Она не собирается переходить в открытое нападение, подумал я. Видимо, она прекрасно понимала, что ее произведения — это предел, которого я никогда не достигну, и в этом она была совершенно права. Тем не менее я вновь почувствовал прилив какого-то слепого безрассудства, сродни тому, что испытал, когда ко мне подвели Обидчивого: ведь в тот момент я тоже не был уверен в себе, однако вскочил в седло и поскакал.
— Мой редактор говорит, — сухо продолжил я, — что «Долгая дорога домой» повествует на самом деле о духовных последствиях унижения и страха.
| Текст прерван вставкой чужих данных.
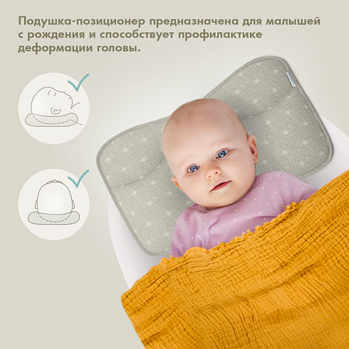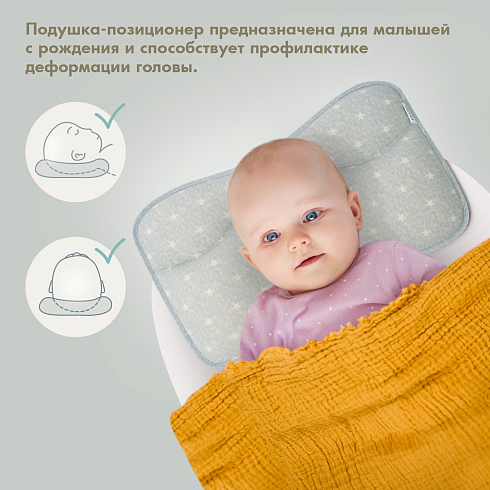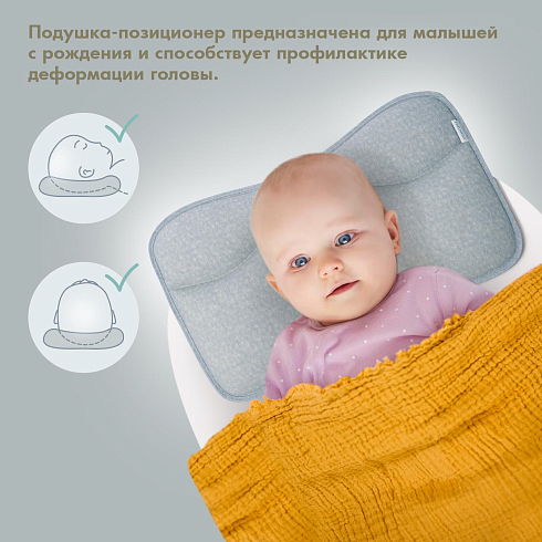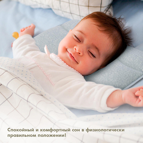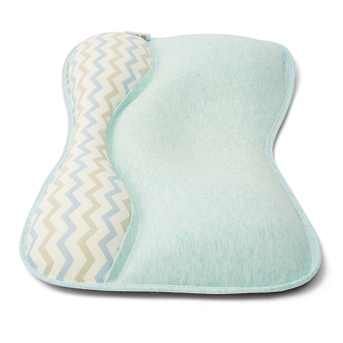 Подушка предназначена для малышей первого года жизни. Форма изделия разработана с учетом физиологии младенца и полностью соответствует особенностям его головы и позвоночника. В средней части имеется углубление, которое снижает нагрузку на шейные позвонки, а утолщения в виде валиков по краям помогают сохранить анатомически правильное положение головы.

Она сразу же почувствовала вызов. Я заметил, как напряглось ее тело, видимо, то же произошло и в сознании.
— Вы слишком молоды, чтобы со знанием дела писать о духовных последствиях. Слишком молоды, чтобы иметь закаленную душу. Слишком молоды для той глубины понимания, которое приходит только через страдания.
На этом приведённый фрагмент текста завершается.